Karawang – Direktur Jenderal Hortikultura, Prihasto Setyanto saat melakukan kunjungan kerja ke kompleks produksi sayuran modern Batamindo Green Farm di Cikampek – Jawa Barat menyebut produksi sayuran di dalam screen house dengan teknologi hidroponik menjadi model pertanian yang layak dikembangkan. Pasalnya, model budidaya tersebut mampu menghasilkan produksi tanpa terkendala musim.
“Budidaya sayuran dengan teknologi hidroponik di dalam screen house seperti yang dikembangkan Batamindo ini terbukti efektif, mampu menahan curah hujan tinggi ataupun panas yang tinggi termasuk gangguan angin, sehingga produksi sayuran bisa berlangsung secara kontinyu sepanjang tahun. Ini tentunya akan sangat membantu upaya kita menjaga stabilitas pasokan dan harga pangan utamanya cabai,” ujar Prihasto, Kamis (6/4).
Teknologi ini, lanjut Prihasto, diharapkan sekaligus menjadi percontohan pengendalian inflasi akibat produk pertanian strategis.
“Di sini ada cabai dan aneka sayuran yang mampu berproduksi sepanjang tahun tanpa harus khawatir terganggu oleh cuaca atau musim. Produktivitasnya juga sangat bagus, contohnya cabai besar varietas Sakata di sini bisa mencapai hasil 6 kg per pohon atau 90 ton untuk populasi 15 ribu per hektare. Kalau harga jualnya Rp 20 ribu per kilo saja, omzetnya bisa mencapai Rp 1,8 miliar per hektare. Memang ada biaya investasi yang harus dikeluarkan, namun hasilnya masih layak secara ekonomis. Hasil produksinya secara kumulatif juga relatif lebih baik dibanding budidaya secara konvensional,” ungkapnya.
Kementerian Pertanian menurutnya akan mendorong pengembangan sayuran utamanya cabai di dalam screen house melibatkan petani di sentra – sentra produksi nasional. “Kami mendorong sistem budidaya ini bisa dikembangkan ke seluruh wilayah Indonesia, tentu dengan skala yang lebih kecil. Apa yang dikembangkan di Batamindo ini bisa menjadi contoh yang bisa diadopsi dan dikembangkan oleh para petani kita,” terangnya.

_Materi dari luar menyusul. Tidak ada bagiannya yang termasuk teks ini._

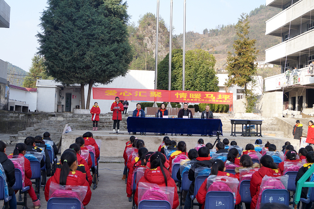 ? ? ? 12月16日,康達(dá)集團(tuán)12名青年志愿者代表在集團(tuán)總裁助理、總裁辦公室主任段海燕和副主任朱濤的帶領(lǐng)下來(lái)到巫溪縣田壩鎮(zhèn)馬坪小學(xué),參加由康達(dá)集團(tuán)捐贈(zèng)的校園文化墻竣工儀式和開(kāi)展“愛(ài)心匯聚、情暖馬坪”志愿者活動(dòng)。
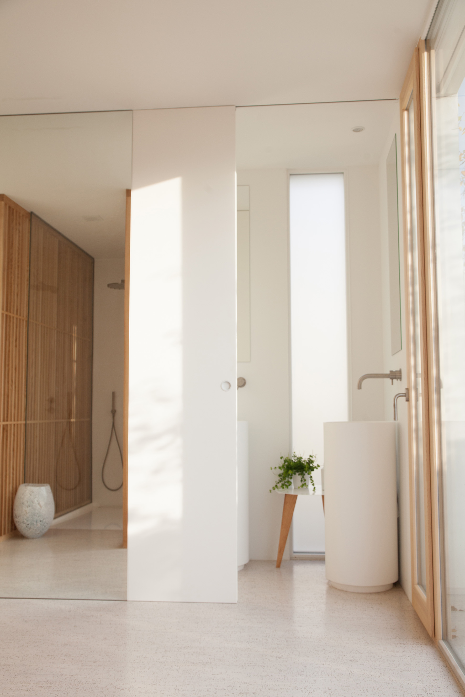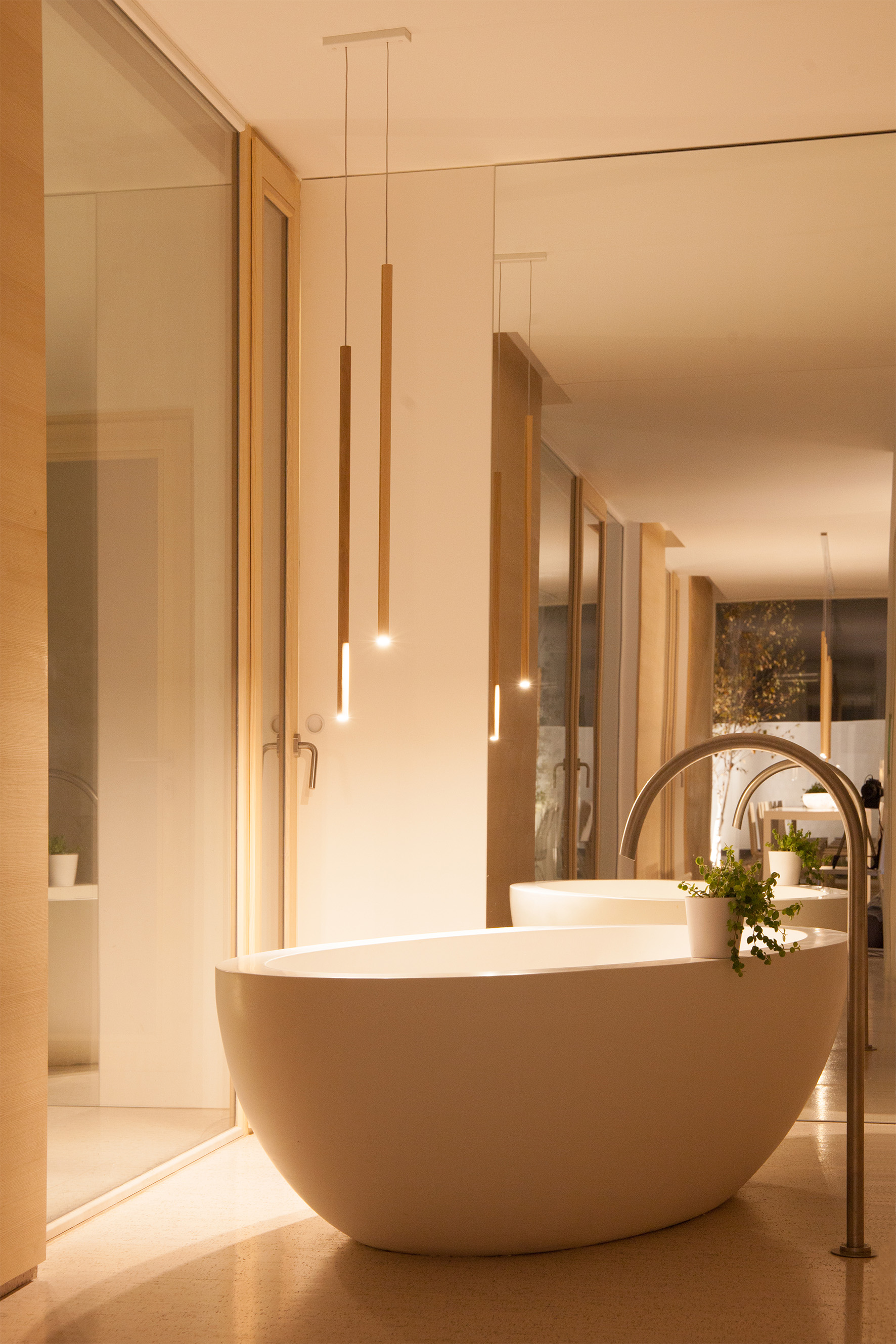 La natura è protagonista anche degli interni; la luce sfiora delicatamente le forme passando attraverso gli spazi dominati dal colore bianco e integra tutti gli elementi in legno. In questo contesto i rubinetti Mina in acciaio inossidabile sottolineano la semplicità e la purezza delle forme.
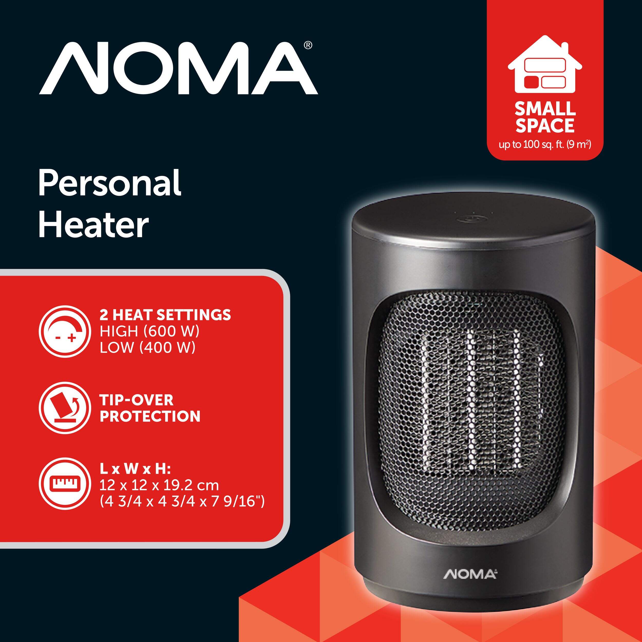 The NOMA Personal Heater provides efficient, portable heating for small spaces, making it ideal for bedrooms, offices, and other compact areas. With its compact design and easy portability, this heater is perfect for providing extra warmth when and where you need it. Multiple heat settings allow you to adjust the temperature to your comfort level, while built-in safety features such as overheat protection and tip-over auto shut-off ensure peace of mind.
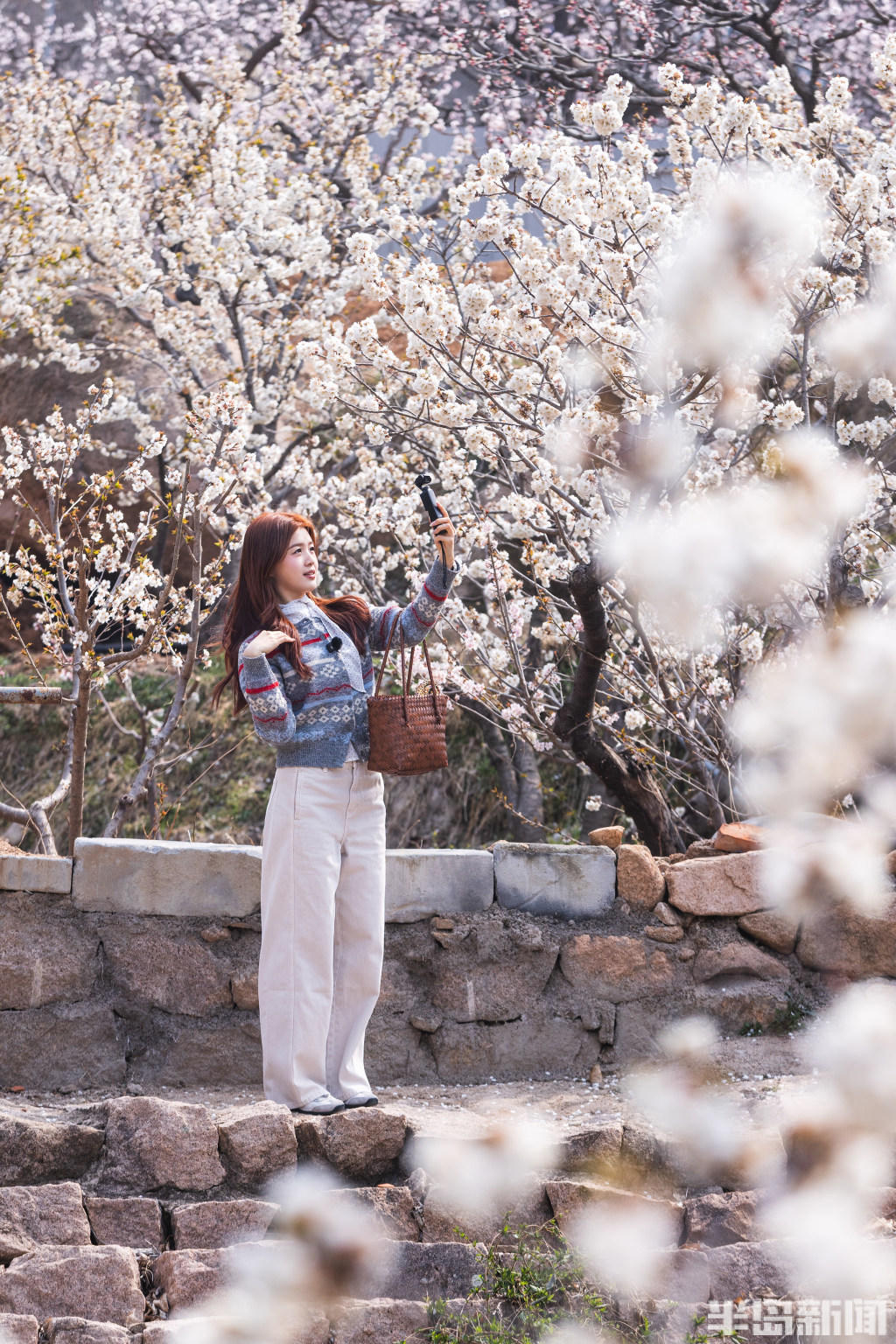 游客与春色拍照。
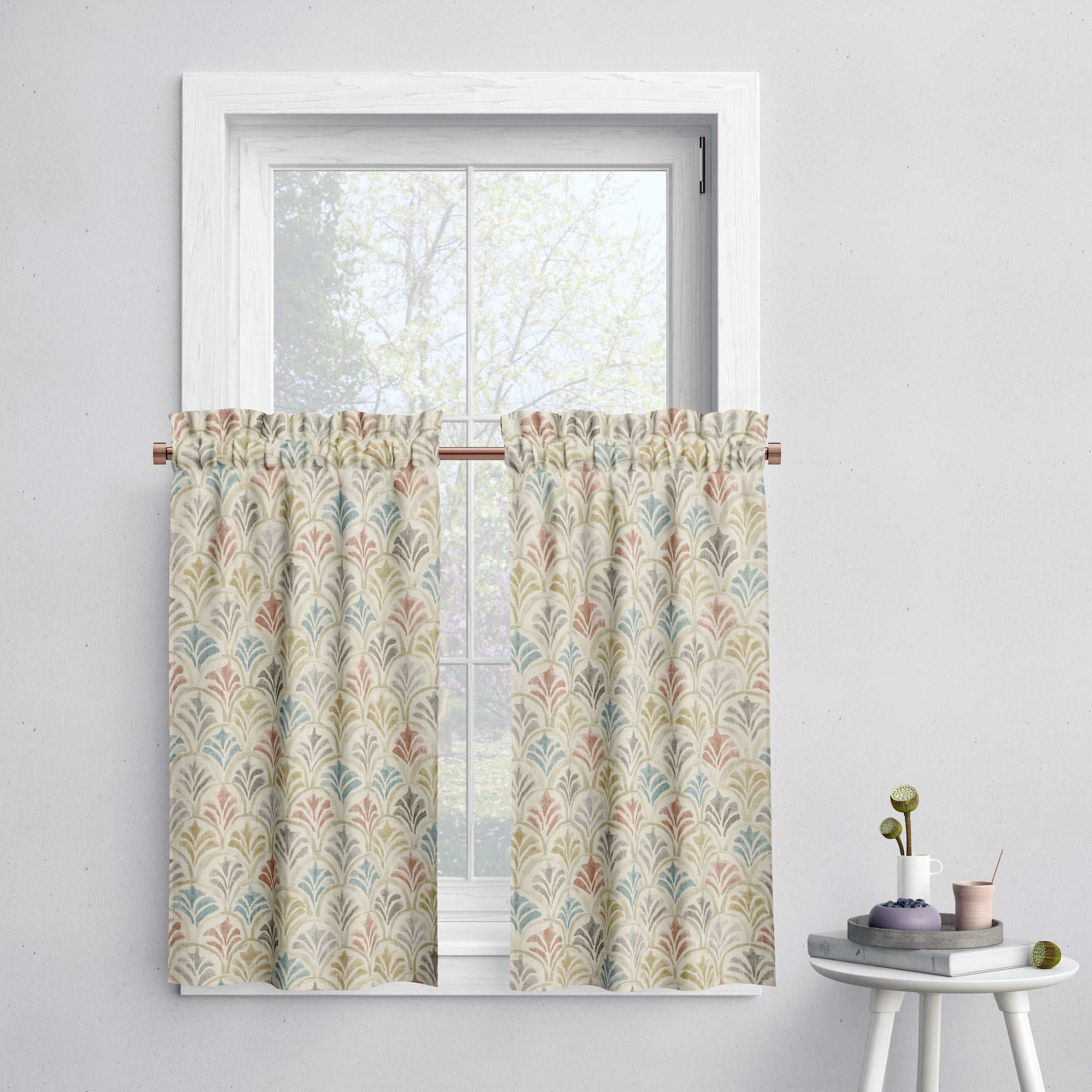 Tailored Tier Cafe Curtain Panels Pair in Countess Tuscan Scallop Watercolor- Blue, Terracotta, Gray, Tan
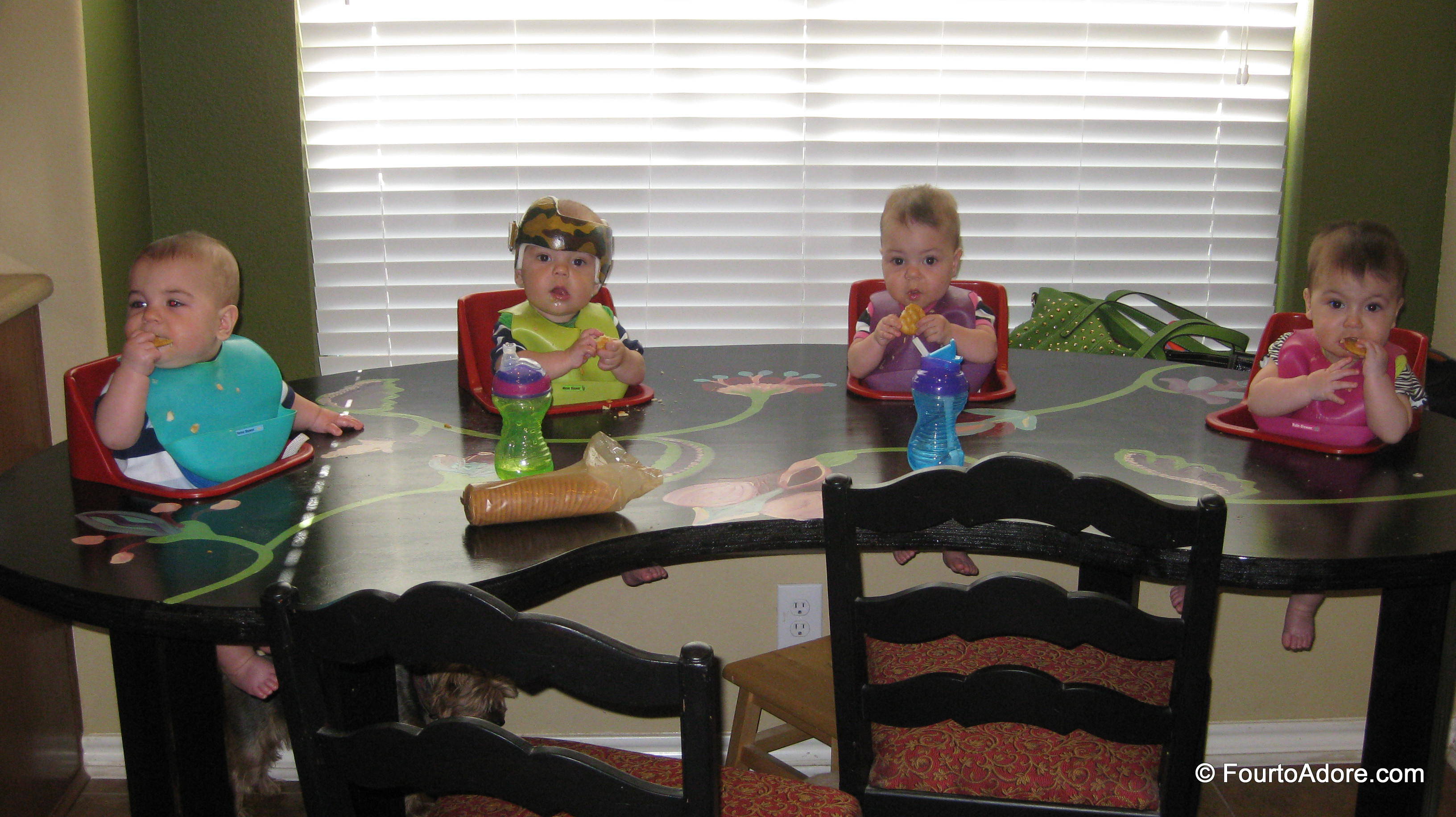 I totally snagged the idea of feeding the babies Ritz from Amber. They LOVED them! Funny thing, the boys crammed them in their mouths like Cookie Monster while the girls nibbled them like little ladies. We are just steps away from a food fight and tea party, I think.
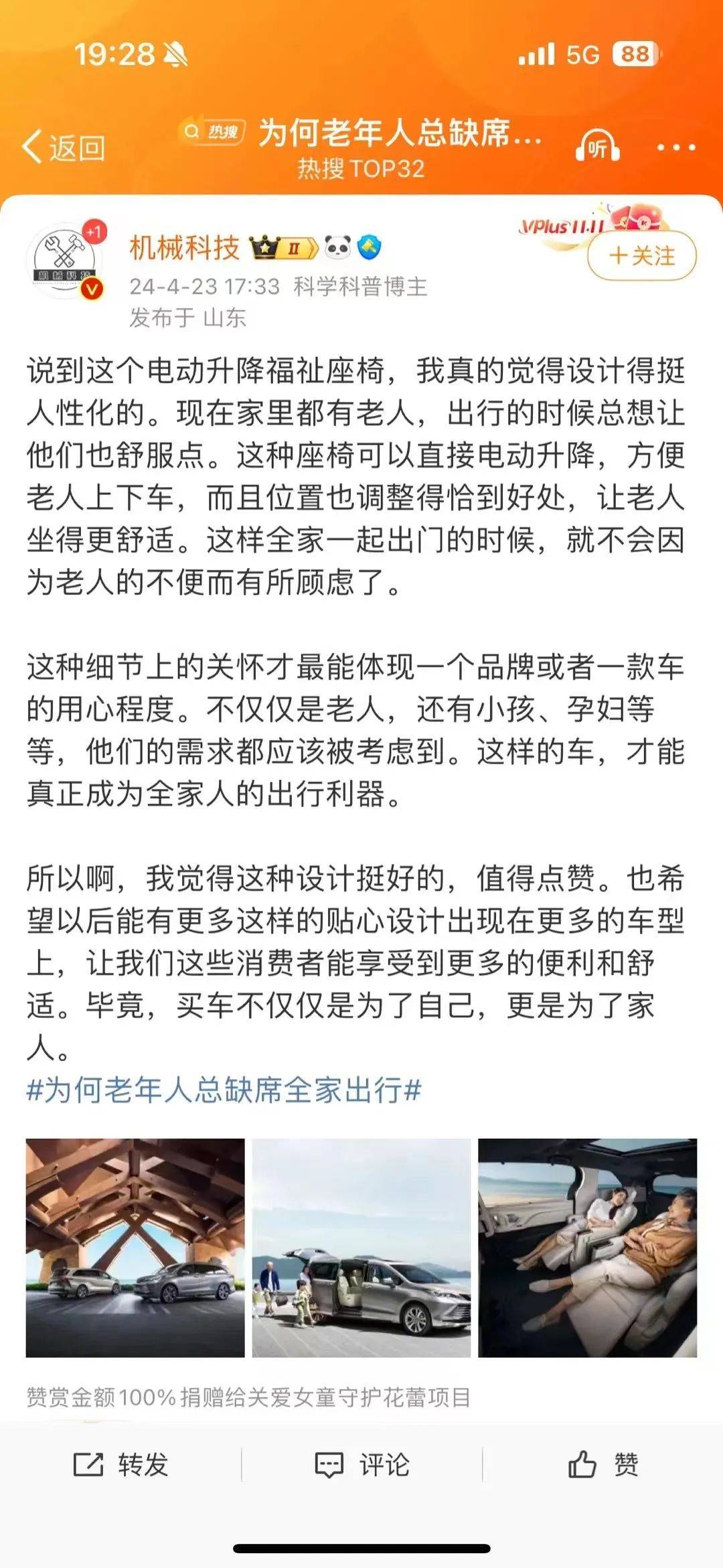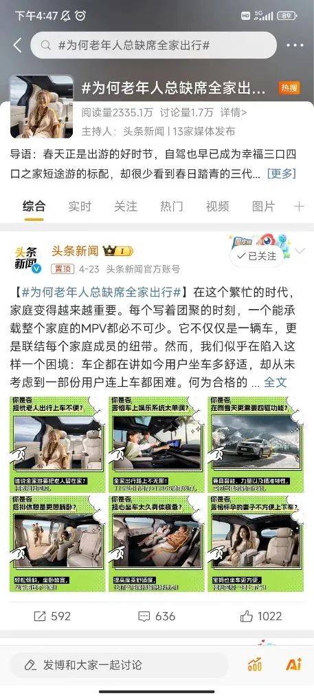 来源:寻空的营销启示录 汽车产业,作为现代工业的缩影,其复杂度和精密性堪比“现代工业皇冠上的明珠”。 近年来,一个趋势是,汽车制造逐渐开始像电子消费品一样进行快速迭代,新车的推陈出新速度不断加快,这无疑是消费者所乐见的。 然而,如今一些新能源车花样频出的宣传,很多都着重于展示大屏幕、冰箱、彩电、炫酷的电子后视镜等功能,造车的本质反而提及的少了。 造车依然脱不开传统车厂多年积累的技术,同时,传统车厂在面对新技术和新趋势时,也要在充分发挥自己技术优势的基础上,与时俱进地进行营销创新。 01 “最好的赛那在中国”:赛那的升级与承诺 作为拥有深厚历史积淀的传统汽车品牌,广汽丰田近年来一直秉承着“为中国,造好车”的理念,不断进行创新实践。通过精心优化产品线和提升服务质量,广汽丰田赢得了市场的广泛认可。 2023年,广汽丰田全年累计销售901025台,这一数字在日系品牌中排名第一,在合资品牌中也稳居前三。 进入2024年,广汽丰田继续保持着强劲的发展势头。新车型的推出,如全新一代凯美瑞和铂智品牌的纯电SUV,以及市场策略的不断创新,都引起了消费者的热烈讨论,销量和口碑均呈现出积极的趋势。 这些动作,充分体现了广汽丰田在技术和产品上的底蕴,以及强大的粉丝基础。 在广汽丰田的产品矩阵中,赛那无疑是一款具有标志性意义的车型。作为丰田的代表车型之一,赛那凭借其宽敞的空间、舒适的乘坐体验以及可靠的品质,一直是MPV领域的“红人”,赢得了无数家庭用户的青睐。 多年来,赛那因这些独特优势积累了大量的忠实用户,这些用户群体不仅对赛那有着深厚的情感,也是广汽丰田最宝贵的品牌资产。 2024款丰田赛那针对中国市场进行了全面升级,并举办了发布会。没有过多的渲染,一切直抵重点:诚意和价值——新款赛那升级了E-FOUR 电子四驱系统、面容 ID 识别系统、高通骁龙 SA8155P 车规级芯片、福祉座椅等专供中国市场的配置,而且价格权益优惠2.5万元。 新车配置远高于全球其它市场,以满足中国消费者对高端MPV的多元化需求,可谓是名副其实地独宠中国用户了。 广汽丰田还为2024款赛那提出了新的口号——“最好的赛那在中国”,这一口号体现了其致力于为中国消费者提供最好产品的诚意。 ![]() 通过这些新动作,广汽丰田再次证明了其作为传统车企的创新能力和市场洞察力。 02 打造话题矩阵,赛那激活用户共塑品牌 对于丰田这样的传统车企而言,它在产品和技术方面一直处于行业领先地位,在营销声量上似乎相对较弱。但实际上,广汽丰田有着深厚的品牌底蕴,也不缺乏关注的用户,只是需要有效的传播来展现其优势。 针对新车上市,广汽丰田在社交媒体上进行了新的尝试,围绕赛那开展了一系列社交营销活动。 通过精心设计的话题矩阵——行业热点+社会热点,广汽丰田成功地调动了用户们的讨论热情,激活了庞大的粉丝基础,推动了品牌声量的释放,使广汽丰田重新回到了主流的市场讨论之中。 行业热点:精准定位,以用户为中心优化配置 产品配置一直是当今汽车在社交网络上被用户讨论的焦点。 广汽丰田赛那在配置方面进行了精细的市场调研,针对车辆配置进行了调整和升级。包括第二排座椅升级、E-Four电子四驱系统、智能座舱和本地化改动等。 通过微博发起#最好的赛那在中国#和#赛那为了中国家庭能有多卷#这两个话题,广汽和用户一起讨论针对中国市场的配置升级。这些话题吸引了广泛的用户关注和讨论,展示了广汽丰田在优化产品配置方面的创新。 ![]() 在价格方面,广汽丰田赛那通过发起#赛那独宠中国车主官降2.5万#的话题,不仅有效传递了降价的信息,更重要的是展示了广汽丰田愿意为中国消费者提供更具性价比的产品,同时也显示出品牌的市场敏锐度和灵活性。 ![]() 这些举措充分体现了广汽丰田赛那的新口号——“最好的赛那在中国”,真正做到了以用户为中心,针对国内消费者的实际需求进行精准定位和优化配置。这不仅加强了品牌与消费者之间的情感连接,也进一步巩固了广汽丰田在中国市场的领先地位。 社会热点:激发情感,与用户共情共鸣 在当今的汽车市场,产品的功能价值固然重要,但消费者同样倾向于获得产品之外的情绪价值。 广汽丰田赛那针对中国市场的推广活动也充分考虑了这一点。他们在微博上推出的#为何老年人总缺席全家出行# 社会话题调研,就是一个典型的例子。 ![]() 与欧美不同,在中国,老年人对于儿女生活的参与度是比较高的,从筹办儿女婚礼,到帮儿女带孩子,他们的身影无处不在。但年轻人在带孩子出行时,老人经常缺席,这是因为长时间坐空间小、座椅不舒服的车,老人难以适应。 广汽丰田赛那洞察到了这个独特痛点,从产品设计上针对国内市场提升后排座椅,升级为埃尔法同款的一体式零重力航空座椅,增加通风、加热、按摩、电动调节等功能,提升了乘坐舒适性。同时还有搭载了电动升降福祉座椅的车型配置,从此全家出行不再是难题! 这是洞察市场需求的表现。针对这个痛点,赛那联合头部新闻媒体再把这个痛点延展为社会议题,结合春季出游的热点,让用户一起来讨论,引发了他们的共鸣。 ![]() 通过这种方式,赛那不仅提升了产品的社会认知度,也让用户深刻理解到其产品特性,这一策略最终使话题登上了微博热搜TOP31。 粉丝激活:互
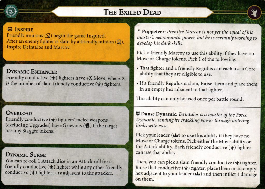 Danse Dynamic is the last but most important ability on this warscroll. We’re back to caring about Deintalos and his conductive fighters. The action economy that this ability grants is insane. You spend one activation to either move or attack with four fighters. If your opponent is attacking your conductive fighters to reduce the amount of actions you get from this, that’s fine – you also raise a slain conductive fighter after doing the action with all the surviving ones. Since the raise is after performing the action, if you choose to move then all of the surviving fighters will gain the movement boost from Dynamic Enhancer and then a slain fighter pops back up. The restriction here is that Deintalos can’t do this if he has move or charge tokens. Normally, charge tokens are what these extra core abilities care about but the fact that Deintalos can’t even have a move token is (hopefully) going to keep this from getting out of hand. The Exiled Dead player will need to have pushes or teleports to reposition Deintalos unless they’re willing to forego using Danse Dynamic for the remainder of the round.

Ditambahkan Prihasto, ada hal mengejutkan yang dijumpainya di perusahaan tersebut, di mana tenaga ahli yang direkrut Batamindo untuk membangun sistem screen house dengan berbagai fasilitas/infrastruktur jaringan air, listrik dan nutrisi teryata anak muda milenial adik kakak usia 32 dan 42 tahun asal negara jiran Malaysia yang justru berlatar belakang pendidikan administrasi bisnis dan kimia analitik.
“Namanya Kenny dan Willy asal Langkawi Malaysia yang berlatar belakang pendidikan sama sekali bukan dari pertanian. Namun mereka terbukti mampu membangun sistem screen house berskala besar yang efektif dan efisien. Ini menjadi contoh konkret if there is a will, there is a way, yakni di mana ada kemauan, pasti ada jalan keluar,” tandas Prihasto.
General Manager PT Batamindo Green Farm, Hindarsono Susantio menyebut perusahaan yang dipimpinnya memiliki dua unit produksi yang berada di Batam dan Karawang. Kompleks budidaya sayuran Batamindo menempati areal seluas 150 hektare dengan bangunan screen house mencapai 70 hektare yang berlokasi di Kawasan Industri Bukit Indah City Cikampek. Setidaknya terdapat 20 jenis sayuran daun serta sayuran buah seperti cabai, tomat cherry dan okra yang dikembangkan di lokasi tersebut.
“Produksi sayuran di Batamindo 6-8 ton per hari. Hasil panen sebagian besar diekspor ke Singapura dan sebagian kecil ke Malaysia, Vietnam dan Korea Selatan. Selain itu juga untuk memasok pasar modern di Jabodetabek, tiap minggu rata-rata kami bisa ekspor 9 kontainer ke Singapura dan 2 kontainer ke Malaysia,” papar Hindar.
Selain merekrut tenaga kerja profesional, pihaknya juga melibatkan para petani muda millenial dari berbagai daerah di Indonesia.
“Harapannya mereka bisa belajar di sini dan selanjutnya bisa secara mandiri mengembangkan sistem budidaya ini di daerah masing-masing,” pungkasnya.